The other reccurent theme in the orientation talks was, "Oh, and try not to be too weird." Hah! Too late!

Also now I have bangs. They are subtle, so when my hair is down you might not notice them. I have some pictures, maybe I will post them later. Now that I'm almost an MIT student I might finally be ready to tackle daunting tasks like learning how to post pictures on livejournal, knock on wood. [Edit: Oh look, I have a new icon. How'd that happen? Man. I guess I should be used to it by now, but seriously, why am I so hot? God, you have too much time on your hands. I mean I appreciate it, but shouldn't you be out parting seas or something, instead of making hot girls?]

And now, two animal stories from/about my mom:

1) "We've got to put a BARRIER between US and the SNAKES!"
Recent cultural developments prompted my mom to retell this classic story from Real Life.
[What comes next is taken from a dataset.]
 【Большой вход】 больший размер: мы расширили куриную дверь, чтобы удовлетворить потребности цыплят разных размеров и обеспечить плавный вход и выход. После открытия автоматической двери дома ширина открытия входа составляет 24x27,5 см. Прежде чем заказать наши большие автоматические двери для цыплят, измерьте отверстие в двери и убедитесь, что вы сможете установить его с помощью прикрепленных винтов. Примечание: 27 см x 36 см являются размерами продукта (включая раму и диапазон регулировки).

One day long ago an acquaintance of hers had a very venomous and deadly viper, and she wished to transport this viper over a long distance. It occurred to her that the appropriate vehicle for this trip would be a plane. This was long ago and before the invention of airport security, so she was able to smuggle her snake onto the plane by craftily concealling it in a box with a lid. As the flight wore on she guarded the box carefully, cradling it in her lap, and it would have been clear to anyone watching that the box contained something very valuable. At one point, however, she left the box behind and went to the bathroom. When she came back the box was gone. She assessed the situation and its potential consequences. Then she sat back down and spent the rest of the flight pretending nothing had happened.
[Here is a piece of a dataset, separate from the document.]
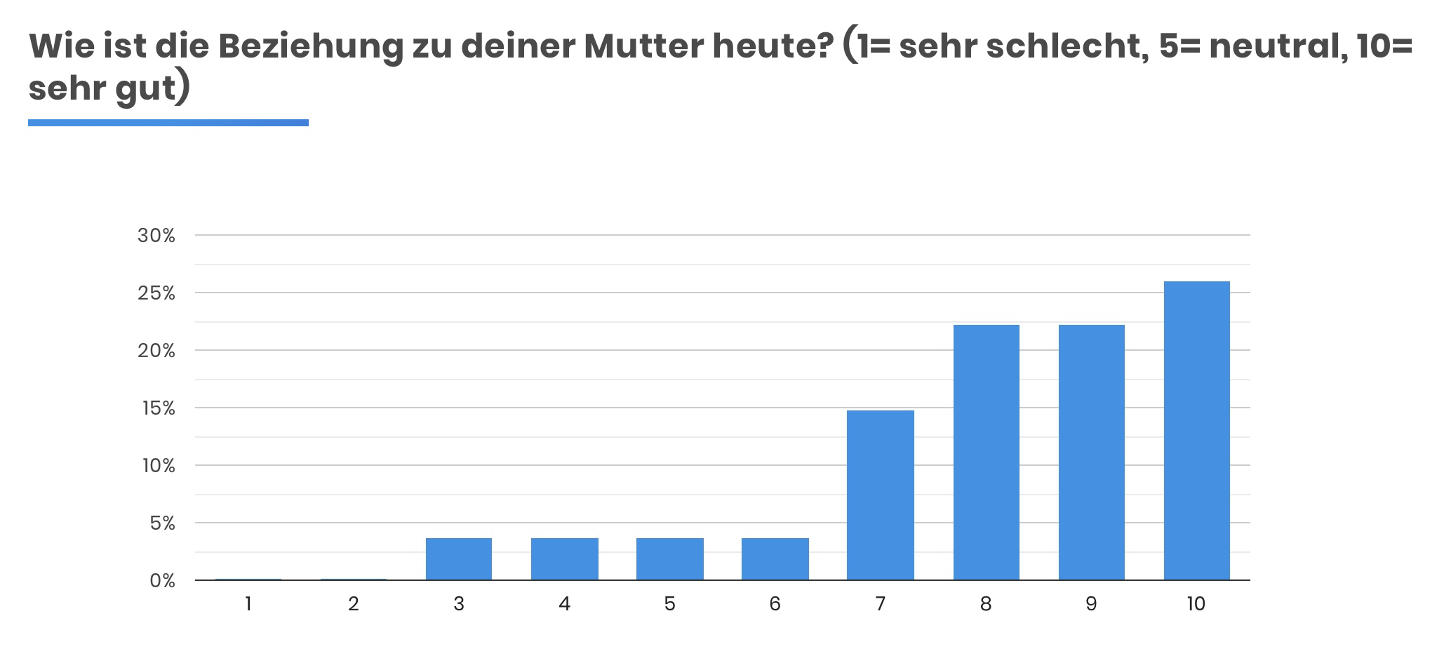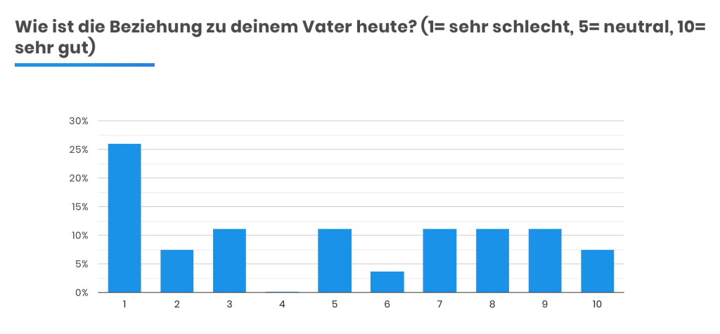 Die Beziehung zur Mutter stellte sich, mit einem Anteil von 25%, als „sehr gut“ bis neutral heraus, während die Beziehung zum Vater zu 29% als „sehr schlecht“ beurteilt wurde. Der Rest der Angaben, im neutralen und positiven Bereich, fällt eher durchmischt aus. Der Vater ist demnach für die Befragten weniger als Bezugs- und Vertrauensperson zu kategorisieren, als die Mutter.

2) In which my dog is treated strangely
I had an apple core and didn't want to eat it because I don't really like the seeds, so I asked my mother if I should feed it to the dog. My mother said yes, she gives her apple cores to the dog. But first she usually cuts them up, into parts with seeds and parts without seeds. Then my mother eats the parts with seeds and gives the dog the parts without, because the dog doesn't really like seeds.
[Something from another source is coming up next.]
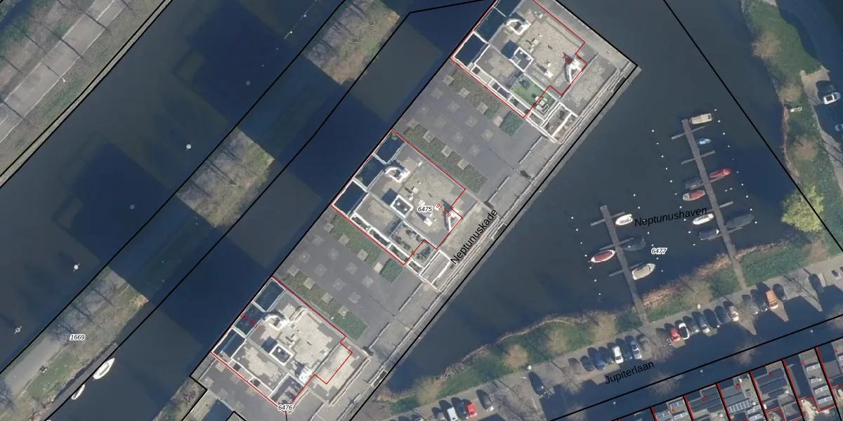 Neptunuskade 113 is gelegen op kadastraal perceel LDN01T6475. Deze kadastrale aanduiding is uniek en wordt gebruikt door het Kadaster om eigendomsrechten en andere zakelijke rechten vast te leggen. Het perceel maakt onderdeel uit van de kadastrale gemeente Leiden.

And now I'm going to bed, and hopefully sleep, so I can get up early for more pep talks tomorrow. Wish me luck. I can never fall asleep the night before the first day of school, and the second day of orientation might have a similar effect.

Early Acceptance

Oh look, I just got an email with the subject "Early Acceptance." Sweet, looks like some grad school likes me so much that they've decided to accept me in January. Must be one of my backups. Let's see...

Oh wait, it's not from a backup. It's from THE UNIVERSITY OF CHICAGO.

Damn.

street harassment part II

About a year and a half ago I made a post asking for advice on how to deal with street harassers. Eric suggested confronting them face to face and asking them questions about what they're saying and why they're saying it. I think the next four times I got harassed after that I was too scared to say anything, but soon I got in the habit of following Eric's advice. The most common result has been that the harasser either doesn't hear me as he's driving away, or he does hear me and leaves quickly without saying anything. I've had a few interesting interactions as a result of this tactic, though:

*Story One*

Guy on Corner: Daaamn girl, girl. You *know* what you're doing!
Me: What am I doing?
GOC (confused): Huh? No, I said *you* know what you're doing.
Me: I don't, actually. What am I doing?
GOC: ... I don't know... Sumthin'.

*Story Two*

A few months ago I was walking and two guys passed me in a truck, while jubilantly yelling out the window "WHOOO-HOOO!" at me. I called after them, "Do I know you?" and started to walk toward them. I figured my purposeful walk in their direction would scare them and strengthen their resolve to keep going, but they pulled over. "Oh shit," I thought. I kept walking toward them, deciding that in such a public place in daylight I would be fine, and thinking that with all the houses nearby a good scream should summon help if anything went wrong. They -- the driver and his drunk passenger -- got out of the truck.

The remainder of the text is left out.